··· Records ···

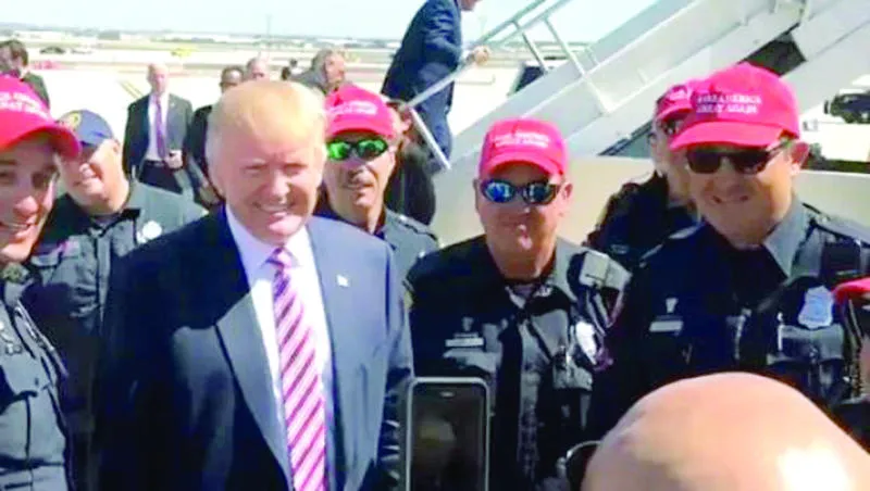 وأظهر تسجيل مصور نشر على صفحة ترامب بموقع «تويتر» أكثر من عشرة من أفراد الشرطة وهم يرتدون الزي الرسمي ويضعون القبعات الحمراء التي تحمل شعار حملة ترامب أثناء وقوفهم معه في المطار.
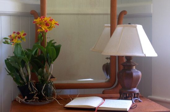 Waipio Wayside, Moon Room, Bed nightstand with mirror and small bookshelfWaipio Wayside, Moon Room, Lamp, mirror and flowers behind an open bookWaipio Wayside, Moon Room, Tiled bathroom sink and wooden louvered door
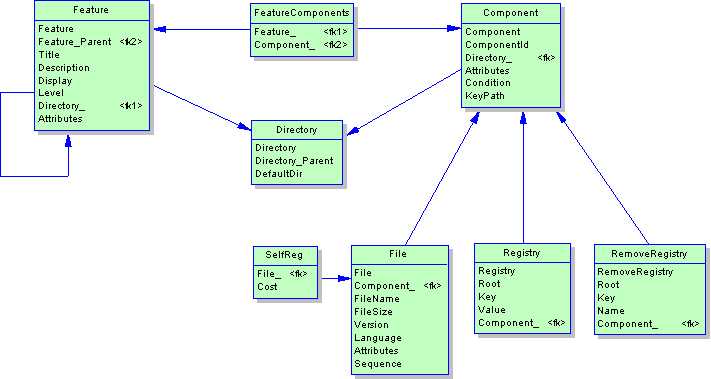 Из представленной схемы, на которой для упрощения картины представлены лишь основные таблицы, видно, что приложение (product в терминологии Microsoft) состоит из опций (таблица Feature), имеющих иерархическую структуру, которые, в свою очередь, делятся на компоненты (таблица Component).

···
··· Records ···

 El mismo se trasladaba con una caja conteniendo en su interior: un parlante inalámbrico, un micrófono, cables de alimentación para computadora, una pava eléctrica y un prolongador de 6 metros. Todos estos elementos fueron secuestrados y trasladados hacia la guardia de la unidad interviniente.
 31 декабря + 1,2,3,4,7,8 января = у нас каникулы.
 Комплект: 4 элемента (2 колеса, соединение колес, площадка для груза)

···

» Exercise details
Give again exactly, and only, the lines above starting at the one with "31 декабря +" and ending at the one with "Комплект: 4 элемента".

» Written answer
 31 декабря + 1,2,3,4,7,8 января = у нас каникулы.
 Комплект: 4 элемента (2 колеса, соединение колес, площадка для груза)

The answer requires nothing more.